• _Exercise_: Find "[부자동네타임즈 김인수기자] 고양시청소년재단" below and begin at its line; stop after the line with "Qing*Barley Q22517B джинсовая". Output those lines exactly, without pictures.

• _Dataset excerpts_:
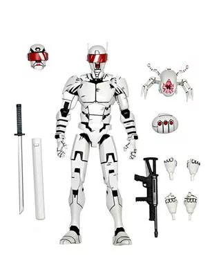 From the Teenage Mutant Ninja Turtles comic book series, The Last Ronin! In a future NYC far different than the one we know today, a lone surviving Turtle goes on a seemingly hopeless mission to obtain justice for his fallen family and friends. This SYNJA Patrol Bot action figure is authentic to the comic book depiction and stands in 7” scale, with a white and red color scheme. Includes interchangeable heads, extra hands, sword & sheath, laser, and Mousers. Comes in collector-friendly window box packaging with opening flap featuring a custom illustration by Ben Bishop.
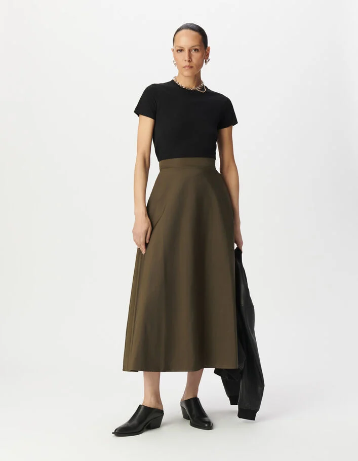 Jupe longue kaki en taffetas Femme
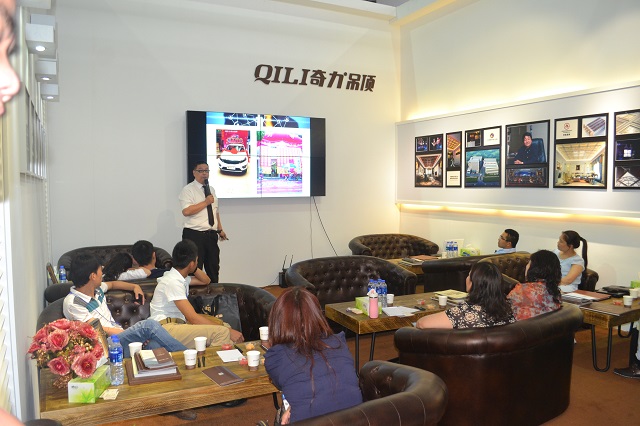 在熱烈的掌聲中,奇力的營銷總監(jiān)登臺演講,從奇力的6大優(yōu)勢開始,自產(chǎn)品、設(shè)計、售后等與終端門店經(jīng)營息息相關(guān)的各個方面,為經(jīng)銷商提供保障,無憂經(jīng)營,輕松成就大商。
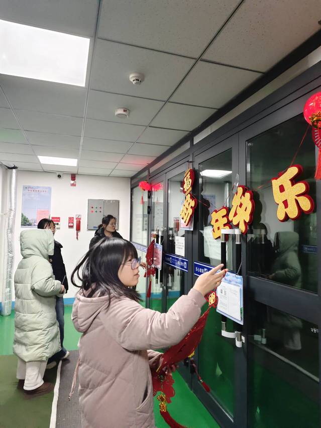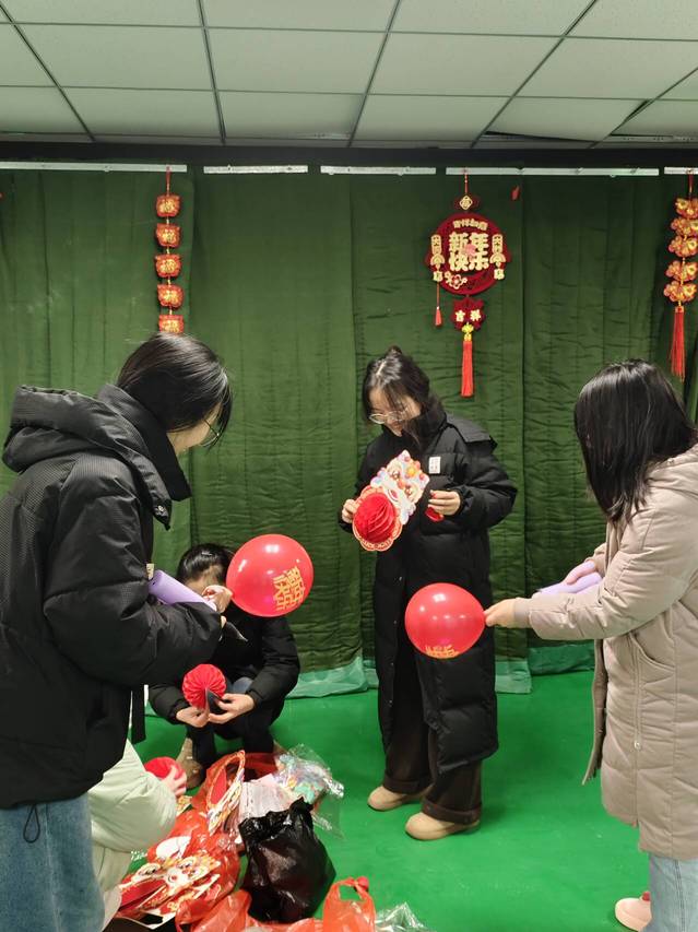“当我像往常一样走进宿舍楼,瞬间被眼前的景象所打动。缤纷的气球与璀璨的灯串相互缠绕,瞬间点亮了整个空间,也点燃了我对新年的期待,看到这些装饰,新年的氛围一下子就浓了起来,感觉特别温暖。”余丽冰同学激动地说。
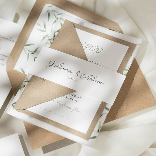 Beautiful Wedding Invite With Green Bellyband 'Juliana'
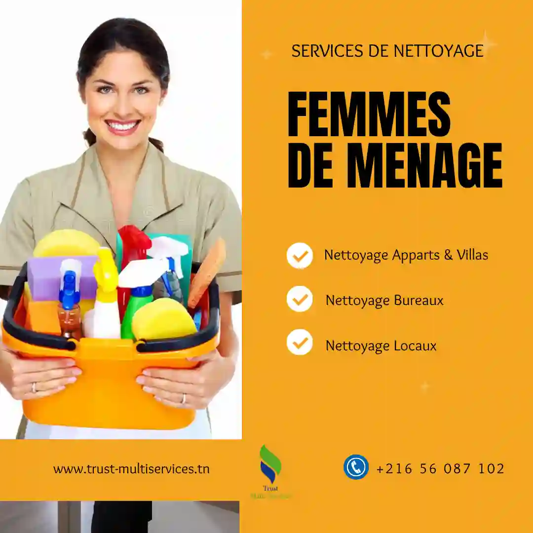 "Looking for a trusted housekeeper for a full day in Tunis? Our agency provides experienced and reliable housekeepers who ensure a clean, fresh, and organized home. We guarantee high-quality service, punctuality, and total satisfaction. Whether you need daily cleaning, deep cleaning, or occasional help, we are here to assist you. 📞 Contact us: 56087102 – 24266000 Professional Housekeeper Per Day in Tunis — Reliable, Fast, and Efficient"
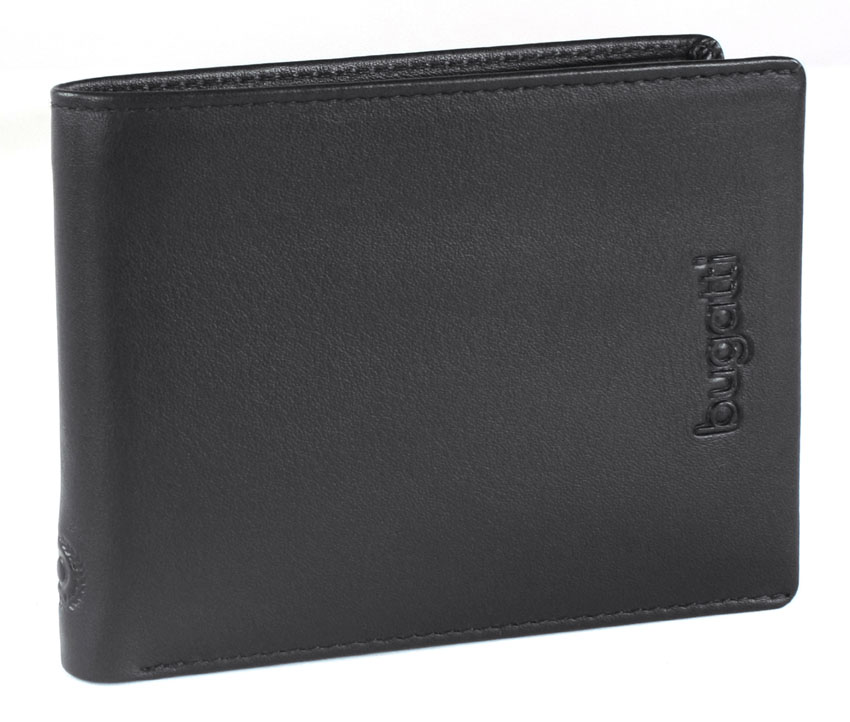 Портмоне Bugatti Vertice, чёрное, натуральная воловья кожа, 10,5х1,5х8,5 с
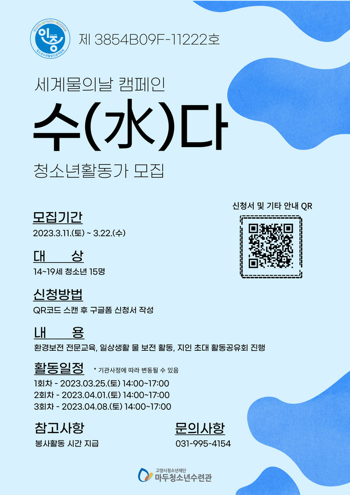 [부자동네타임즈 김인수기자] 고양시청소년재단 마두청소년수련관에서는 물의 소중함을 인식하고, 청소년의 환경에 대한 자주 의식을 높일 수 있는 세계 물의 날 캠페인 ‘수(水)다’에 참여할 청소년활동가 15명을 3월 22일(수)까지 모집한다.
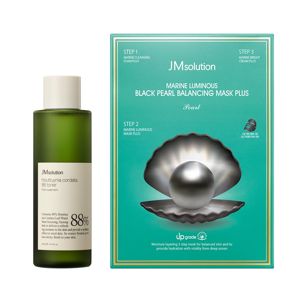 Jmsolution Skin Care Bundle- Heart Leaf Toner Black Pearl Facial Mask
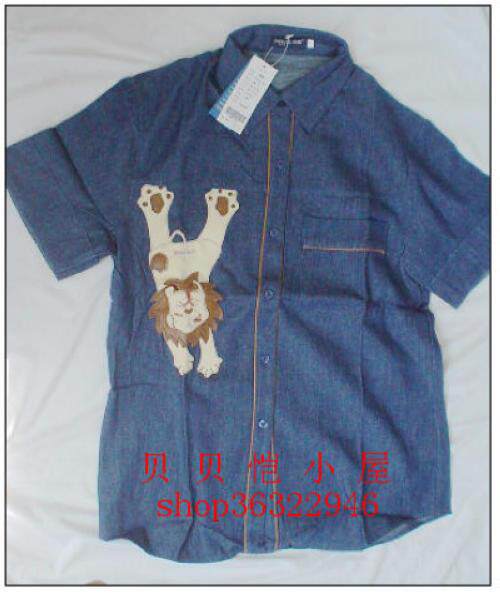 Qing*Barley Q22517B джинсовая женская рубашка с короткими рукавами с короткими рукавами
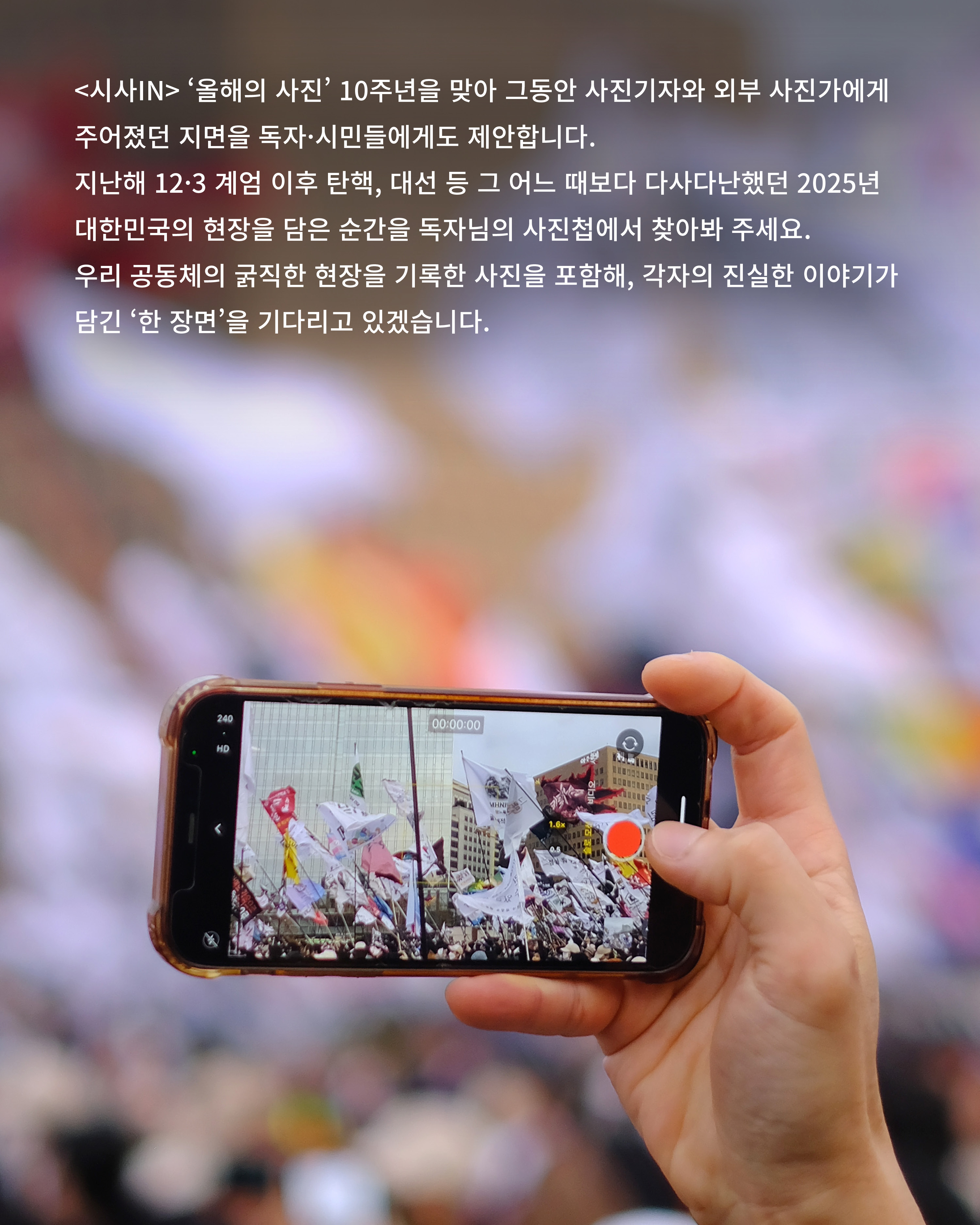 연말에는 사진팀에 중요한 일이 남아 있습니다. 송년호 ‘올해의 사진’이 10주년을 맞아 이번에는 독자·시민과 함께 만드는 기획을 진행 중입니다. 외부 사진가와 <시사IN> 사진기자들의 사진으로 채우던 지면을 독자와 시민에게 열어놓고 있습니다. 접수 기간이 끝나는 10월26일이 다가오면서 제 마음도 슬슬 긴장되기 시작합니다. 뉴스 사진을 시시각각 봐야 하는 저 같은 직업인에게 ‘이건 기자가 절대 못 찍는다’라고 판단되는 사진들이 있습니다. 바로 한 사람의 마음이 고스란히 담긴 사진입니다. 대부분의 사람들은 소중한 순간을 잊고 싶지 않아서 ‘박제’하는 마음으로 카메라를 듭니다. 그런 순간은 보는 이에게도 전해집니다. 독자님의 사진첩에도 분명히 있을 거라 생각합니다. 광화문광장에서, 혹은 자주 걷는 산책로에서 꼭 기억하려고 담아두었던 ‘올해의 장면’을 기다리고 있겠습니다.

• _Solution to the exercise_:
 [부자동네타임즈 김인수기자] 고양시청소년재단 마두청소년수련관에서는 물의 소중함을 인식하고, 청소년의 환경에 대한 자주 의식을 높일 수 있는 세계 물의 날 캠페인 ‘수(水)다’에 참여할 청소년활동가 15명을 3월 22일(수)까지 모집한다.
 Jmsolution Skin Care Bundle- Heart Leaf Toner Black Pearl Facial Mask
 Qing*Barley Q22517B джинсовая женская рубашка с короткими рукавами с короткими рукавами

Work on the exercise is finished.